**Task description**
Look below for the line containing "This elegant accessory"; from there through the line containing "I settori Curva Nord, Distinti", both lines included, please set down each line exactly and nothing else.

-- Extracted entries follows --

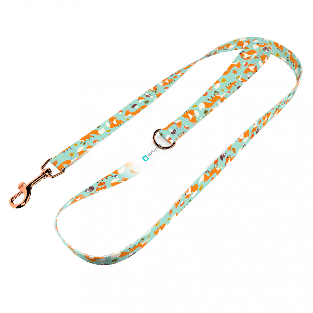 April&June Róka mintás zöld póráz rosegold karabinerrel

-- Extracted entries concluded --
-- Extracted entries follows --

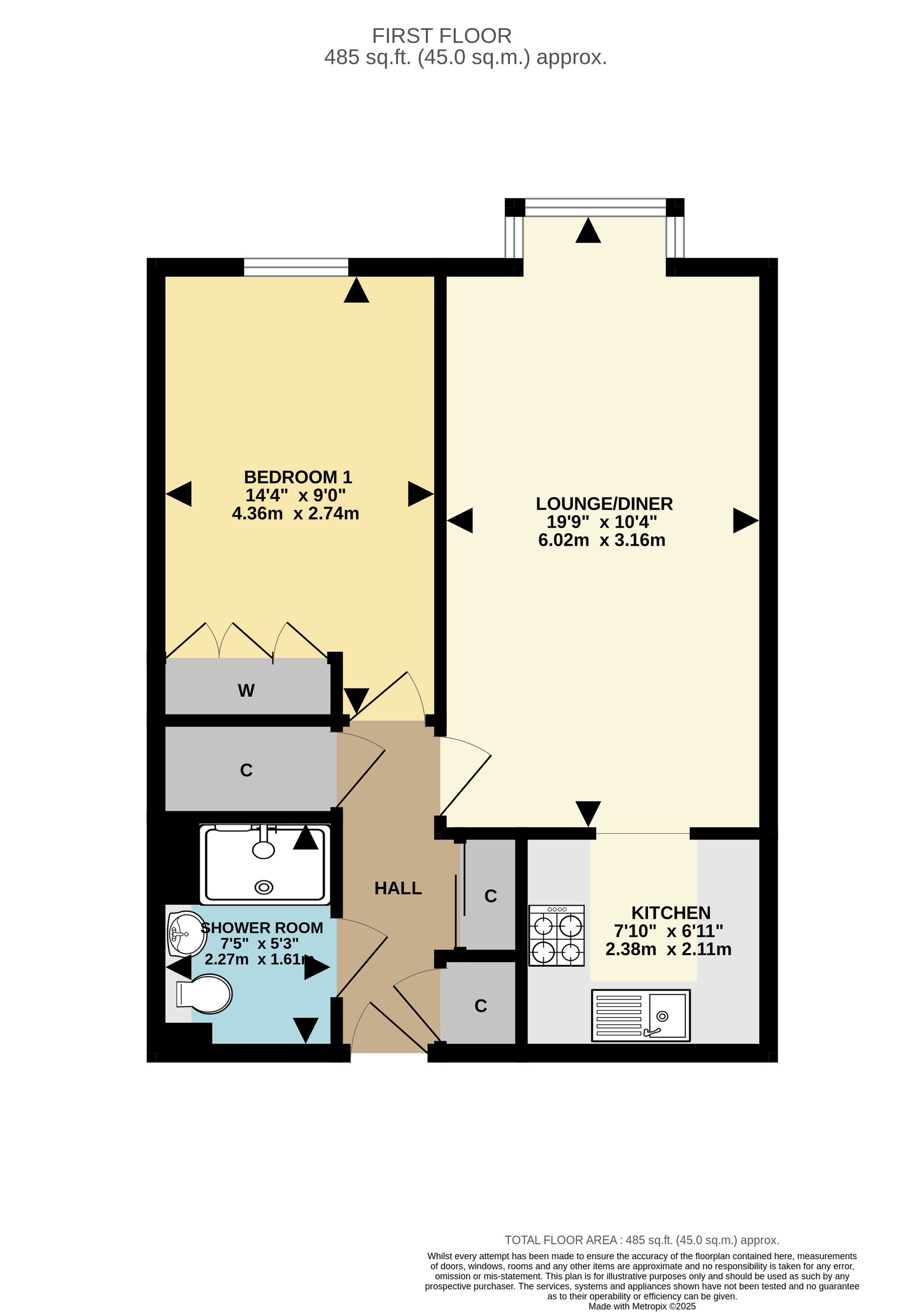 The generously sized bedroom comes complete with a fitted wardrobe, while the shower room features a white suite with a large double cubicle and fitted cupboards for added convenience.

-- Extracted entries concluded --
-- Extracted entries follows --

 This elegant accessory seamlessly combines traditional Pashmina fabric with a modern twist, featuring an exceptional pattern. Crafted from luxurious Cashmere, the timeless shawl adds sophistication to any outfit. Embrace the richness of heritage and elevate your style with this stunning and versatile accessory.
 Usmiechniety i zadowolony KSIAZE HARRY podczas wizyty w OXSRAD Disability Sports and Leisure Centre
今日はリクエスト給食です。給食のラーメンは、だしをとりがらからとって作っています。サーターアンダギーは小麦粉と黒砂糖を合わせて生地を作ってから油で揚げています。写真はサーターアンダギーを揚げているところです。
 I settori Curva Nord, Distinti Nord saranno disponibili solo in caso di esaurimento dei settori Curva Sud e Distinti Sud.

-- Extracted entries concluded --

**Response area**
 This elegant accessory seamlessly combines traditional Pashmina fabric with a modern twist, featuring an exceptional pattern. Crafted from luxurious Cashmere, the timeless shawl adds sophistication to any outfit. Embrace the richness of heritage and elevate your style with this stunning and versatile accessory.
 Usmiechniety i zadowolony KSIAZE HARRY podczas wizyty w OXSRAD Disability Sports and Leisure Centre
今日はリクエスト給食です。給食のラーメンは、だしをとりがらからとって作っています。サーターアンダギーは小麦粉と黒砂糖を合わせて生地を作ってから油で揚げています。写真はサーターアンダギーを揚げているところです。
 I settori Curva Nord, Distinti Nord saranno disponibili solo in caso di esaurimento dei settori Curva Sud e Distinti Sud.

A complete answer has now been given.